Could it happen again?

Today’s environment is similar in many ways.  A technology-driven bull market has resulted in historically high valuations, and there is new-era thinking everywhere.  Large companies (to say nothing of more speculative names) that announce new initiatives can see sizable moves in their stocks.  And all of those enablers are still mostly incented to keep the stories going, not to search for flaws or ask hard questions.

There won’t be another Enron in terms of the specifics, but we’ll revisit the pattern.  A big blowup, lots of finger pointing, more regulation, and promises of “never again.”  It’s built into the structure of our system (and the nature of our selves).

Surprising outcomes

Texas Monthly article is titled, “In Praise of . . . Enron?”  It includes quotes from people “waxing nostalgic” about their time at the firm.  New markets and technologies were spawned by Enron and many in its ranks when it went under found success elsewhere:

Enron imploded with such cosmic intensity that its legacy became irredeemably dark.  Yet Enron-born technologies and markets remain intrinsic parts of the energy, finance, and tech industries.  A diaspora of its alumni have gone on to build innovative, successful companies in renewable energy, finance, even sporting goods.  Enron also invested in developing technologies that, while they didn’t pay off at the time, demonstrated that the company possessed an insightful vision of the future.

Even more surprising is the series of lessons from what is known as “the Enron corpus.”  After seizing the emails of many high-ranking employees at the company, the Federal Energy Regulatory Commission decided to release them to the public.

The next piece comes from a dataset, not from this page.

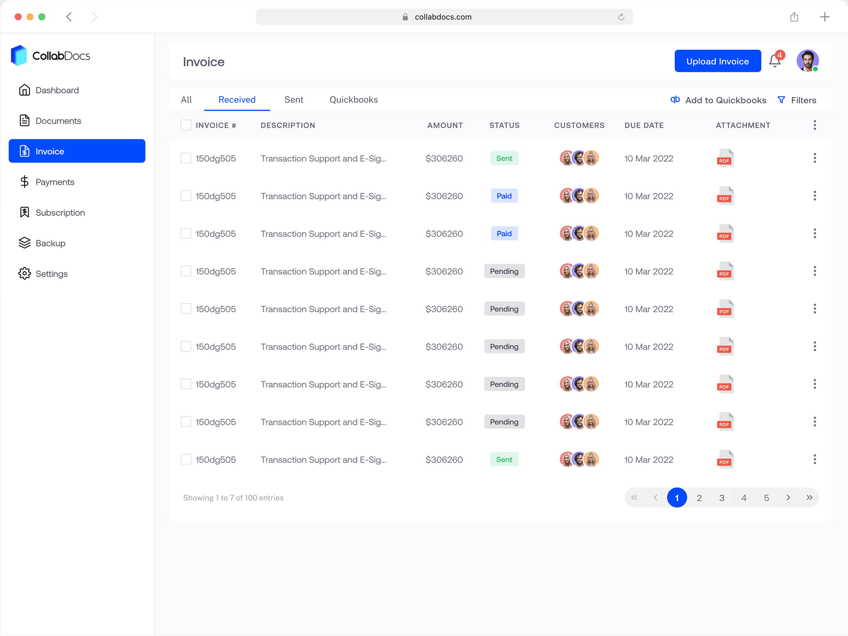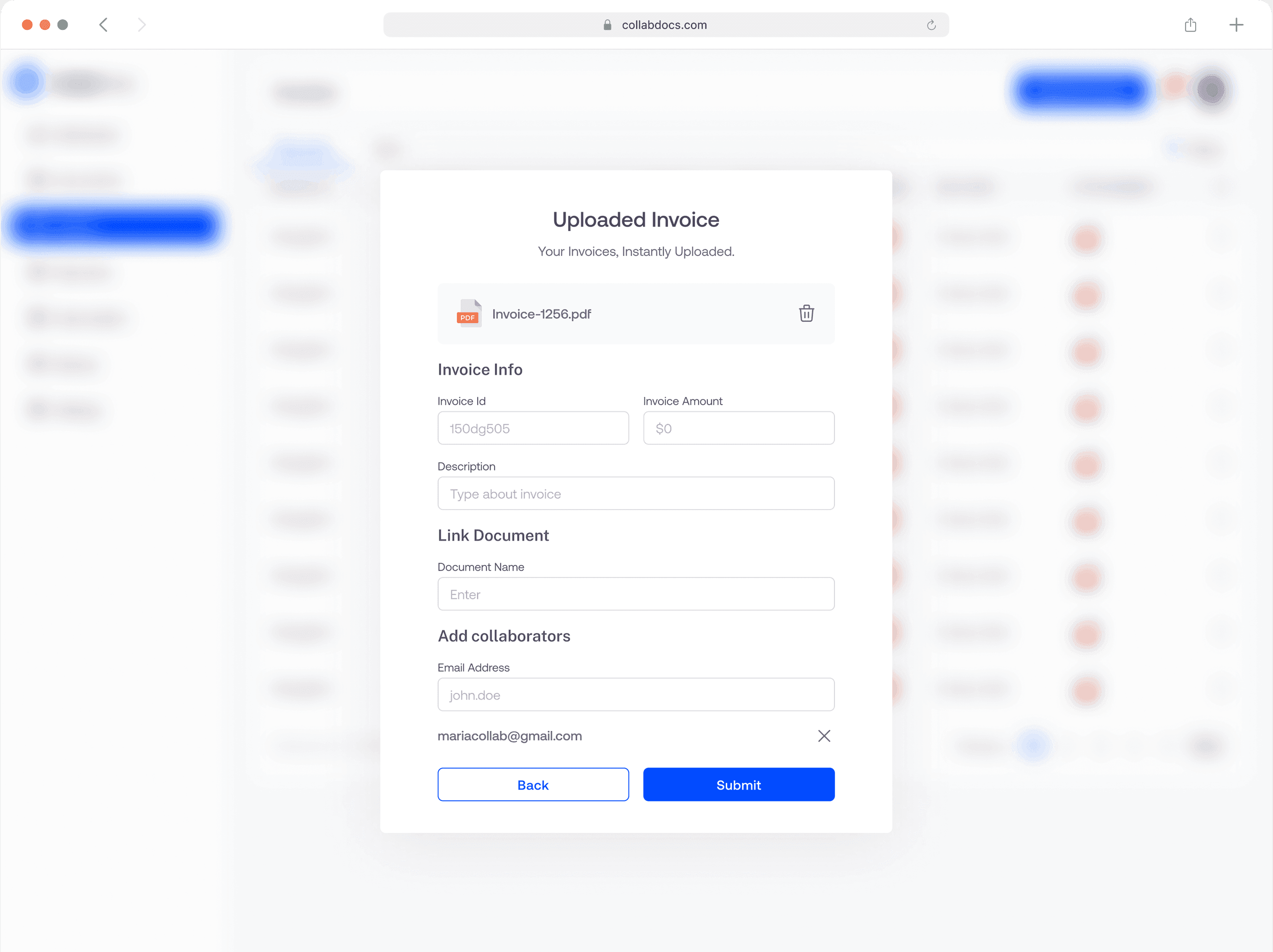 The upload modal asks for invoice ID, amount, linked document, and collaborators—just enough structure to keep things traceable without creating friction.

A 2017 New Yorker piece details what happened when researchers got ahold of that information.  Among many other things, they have studied email-foldering behavior, the distribution of emails produced, how communication flows in a network, and deception theory (regarding how those sending disingenuous emails craft their messages versus others).

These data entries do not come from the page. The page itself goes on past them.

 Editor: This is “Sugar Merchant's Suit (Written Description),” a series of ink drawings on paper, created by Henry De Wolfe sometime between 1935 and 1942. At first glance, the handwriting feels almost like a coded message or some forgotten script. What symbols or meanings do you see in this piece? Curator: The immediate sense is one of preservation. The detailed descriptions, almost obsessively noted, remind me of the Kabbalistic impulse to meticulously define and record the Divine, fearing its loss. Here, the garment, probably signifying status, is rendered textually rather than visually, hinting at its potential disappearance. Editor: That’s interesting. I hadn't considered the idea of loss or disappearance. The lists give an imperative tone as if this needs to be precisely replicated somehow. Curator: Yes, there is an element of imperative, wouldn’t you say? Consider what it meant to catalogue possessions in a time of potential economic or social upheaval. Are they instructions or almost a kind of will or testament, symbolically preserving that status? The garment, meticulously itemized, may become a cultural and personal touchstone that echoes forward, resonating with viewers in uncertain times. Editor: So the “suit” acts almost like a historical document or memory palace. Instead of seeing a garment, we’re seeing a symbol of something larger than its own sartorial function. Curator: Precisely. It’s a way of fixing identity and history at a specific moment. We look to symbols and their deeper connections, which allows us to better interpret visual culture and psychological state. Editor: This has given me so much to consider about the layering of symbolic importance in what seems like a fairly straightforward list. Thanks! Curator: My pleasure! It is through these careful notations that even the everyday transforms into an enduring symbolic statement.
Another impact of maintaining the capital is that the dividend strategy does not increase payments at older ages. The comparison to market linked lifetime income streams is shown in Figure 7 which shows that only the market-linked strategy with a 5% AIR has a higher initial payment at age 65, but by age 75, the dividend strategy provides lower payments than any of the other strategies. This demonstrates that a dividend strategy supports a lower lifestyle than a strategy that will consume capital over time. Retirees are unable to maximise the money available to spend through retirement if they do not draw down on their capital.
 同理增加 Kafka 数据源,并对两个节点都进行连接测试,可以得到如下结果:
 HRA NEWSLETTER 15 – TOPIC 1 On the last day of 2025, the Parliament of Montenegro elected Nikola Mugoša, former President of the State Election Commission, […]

Spreadsheets were attached to many of those emails, and they have been vetted too.  Tim Harford highlighted the work of Felienne Hermans, who analyzed them.  As Harford writes of Excel, “It’s powerful, it’s flexible.  It’s ubiquitous.  It may not be the right tool, but it’s the tool that’s right there.”  So it is used for all kinds of problems, including ones for which it’s not well suited.  And Hermans found at least a quarter of those sampled had at least one calculation error — and many had extraordinary numbers of them.

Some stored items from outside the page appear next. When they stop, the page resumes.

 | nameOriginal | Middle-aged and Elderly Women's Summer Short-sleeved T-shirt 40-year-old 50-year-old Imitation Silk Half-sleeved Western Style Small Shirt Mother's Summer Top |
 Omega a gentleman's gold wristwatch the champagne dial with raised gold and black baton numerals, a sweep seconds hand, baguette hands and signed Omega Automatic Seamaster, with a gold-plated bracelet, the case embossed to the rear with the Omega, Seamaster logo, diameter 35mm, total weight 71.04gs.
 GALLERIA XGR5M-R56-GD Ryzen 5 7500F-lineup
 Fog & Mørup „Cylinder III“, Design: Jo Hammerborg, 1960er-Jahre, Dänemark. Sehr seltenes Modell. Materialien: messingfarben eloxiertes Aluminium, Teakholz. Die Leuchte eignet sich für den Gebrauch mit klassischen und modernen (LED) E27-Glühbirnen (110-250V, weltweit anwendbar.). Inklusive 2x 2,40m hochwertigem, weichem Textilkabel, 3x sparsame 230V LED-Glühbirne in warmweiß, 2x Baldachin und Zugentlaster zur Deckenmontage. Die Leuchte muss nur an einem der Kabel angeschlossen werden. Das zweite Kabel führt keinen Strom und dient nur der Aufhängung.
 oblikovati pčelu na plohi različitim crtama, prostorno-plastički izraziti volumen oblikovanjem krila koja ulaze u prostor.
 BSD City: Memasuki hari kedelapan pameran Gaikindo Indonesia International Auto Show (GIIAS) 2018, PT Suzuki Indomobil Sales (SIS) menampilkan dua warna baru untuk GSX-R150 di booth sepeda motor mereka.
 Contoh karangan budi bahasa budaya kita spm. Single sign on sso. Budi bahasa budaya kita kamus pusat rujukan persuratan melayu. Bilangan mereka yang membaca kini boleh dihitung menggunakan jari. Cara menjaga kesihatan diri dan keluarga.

These studies of emails and spreadsheets have provided unexpected insight into our work world.  They also lead into questions about the needs of organizations to understand the patterns of conduct within them versus the desire of workers to not be monitored unnecessarily.  (These ideas will come into play in an upcoming series on this site regarding the evolution of investment work environments.)

Lessons

At the conclusion of the last episode of Bad Bets, John Emshwiller says:

Perhaps if there’s one takeaway from the Enron saga, it’s that vigilance and skepticism by everyone involved are things that should always be in fashion.

Narratives can overpower analysis (and ethics).  “Vigilance and skepticism” can be viewed as hindrances to the game as it is played, instead of being recognized as essential qualities for good work.